Bella Hadid is working with Victoria’s Secret, but her return was not a decision she made lightly.
The supermodel (who first worked with the brand for its 2015 PINK holiday campaign and landed spots on the coveted Victoria’s Secret Fashion Showroster in 2016, 2017 and 2018) is currently starring in the 2021 holiday campaign and was just named its latest VS Collective Member for the newly revamped lingerie giant, which announced major rebranding efforts earlier this year.
In June, the brand replaced its iconic Angels with a new set of spokeswomen under its new initiative, the VS Collective, including actress Priyanka Chopra Jonas, soccer star Megan Rapinoe, Brazilian model Valentina Sampaio (who became the brand’s first transgender model in 2019) and many more who “share a common passion to drive positive change.”
“What magnetized me to coming back was them coming to me and really proving to me that, behind the scenes, Victoria’s Secret has changed so drastically,” Hadid said in a new interview with Marie Claire. “There was a type of way that, I think, a lot of us women who used to work with Victoria’s Secret felt. And now, six of the seven [VS] board members are all female. And there’s new photoshoot protocols that we have. So a lot has changed. I feel like the world really deserves a brand like Victoria’s Secret and to also feel represented by it as well.”

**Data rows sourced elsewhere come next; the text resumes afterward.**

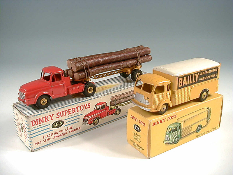 DINKY TOYS (FRANCE) 36A WILLEME Fardier (version avec jantes convexes & remorque ajourée) orange & jaune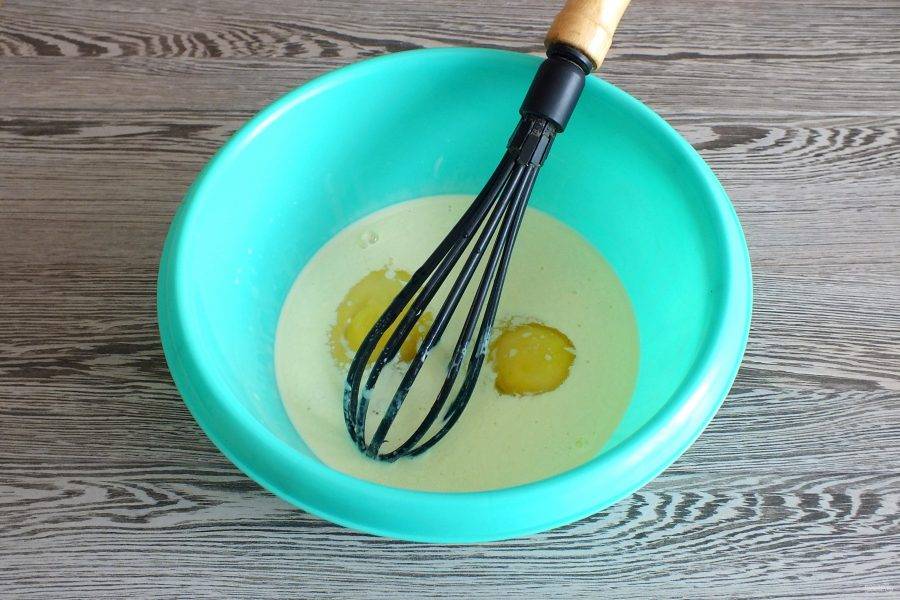 Добавьте яйца, сахар. Перемешайте до однородного состояния.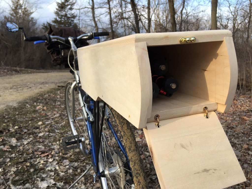 For the quick connect feature I decided to use some woodworker’s aluminum track. Woodworking is a hobby of mine, so I had extra pieces of track around my shop. I made a basic “shelf” for my bike rack out of walnut and mounted the male portion of the track to its sides. I drilled and tapped 3/8”-16 ports into the aluminum track on both sides. My idea was to build a box for the tripod with coordinated pieces of track as part of its undercarriage. This would allow the box to slide onto back of the bike. Once connected, two knobs with 3/8”-16 threads to hold the box in place via the ports I installed.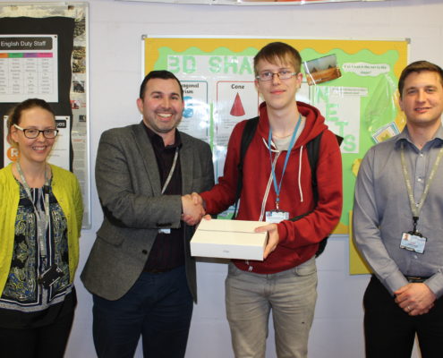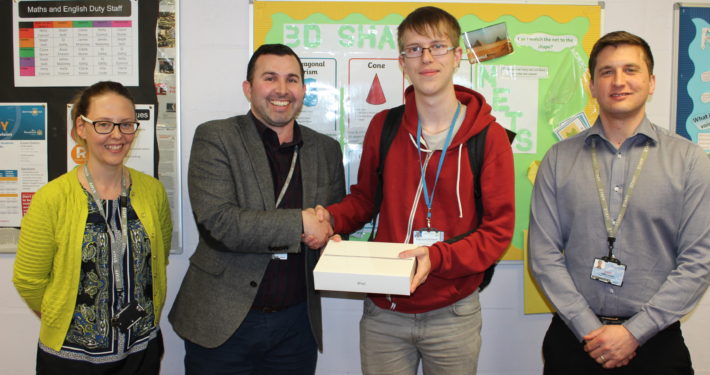 Beaumont who’s studying on our Level 2 Diploma in Light Vehicle Maintenance and Repair course and Level 2 Extended Certificate in Horse Care student Brandon were both awarded an iPad. The pair were presented with their prizes by Assistant Principal, Paul Spearritt in front of an audience of proud English and Maths tutors and their course managers.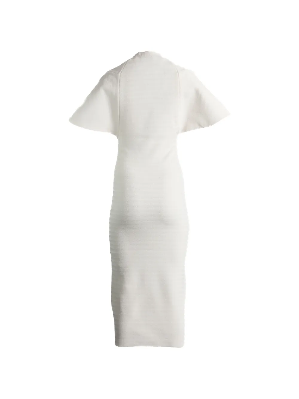 Белая текстурированная отделка, V-образный вырез, короткие широкие рукава, прямой подол, средняя длина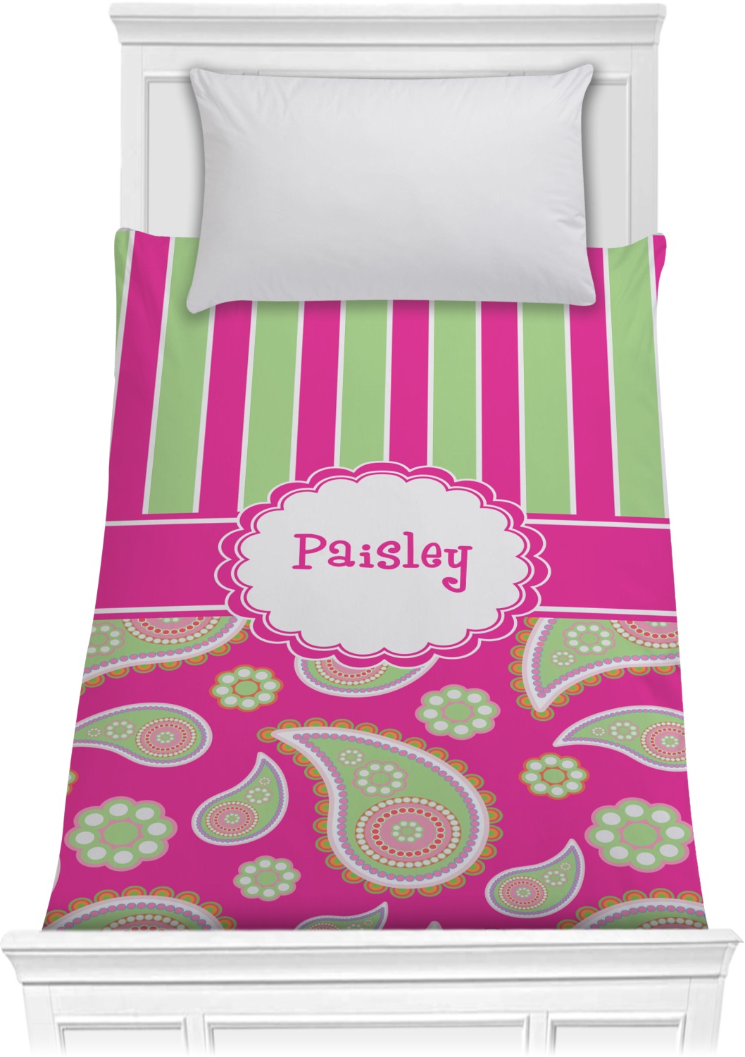 If you have a passion for paisley then this is the pattern for you. This bold and bright pink & green paisley pattern is made from today's trendy color combination of pinks and greens. As if the paisley design was not enchanting enough we have up the ante by adding bold stripes of hot pink and lime green on the top.

The change comes two years after the brand dropped the Victoria’s Secret Angel title and canceled its annual fashion show in Nov. 2019 due to criticism that the brand didn’t embrace models of all sizes and backgrounds on its runway. The company also faced backlash in Feb. 2020 after a report published by The New York Times accused the brand’s former officer Ed Razek of sexual harassment, bullying and creating a culture of misogyny, including an incident involving Hadid.
According to the article, at a 2018 fitting while Hadid was being measured for underwear, Razek allegedly said “forget the panties” and went on to remark about her “perfect” breasts, the Times reported.
At the time, Razek denied the allegations, telling the Times in an email that “the accusations in this reporting are categorically untrue, misconstrued or taken out of context,” adding, “I’ve been fortunate to work with countless, world-class models and gifted professionals and take great pride in the mutual respect we have for each other.”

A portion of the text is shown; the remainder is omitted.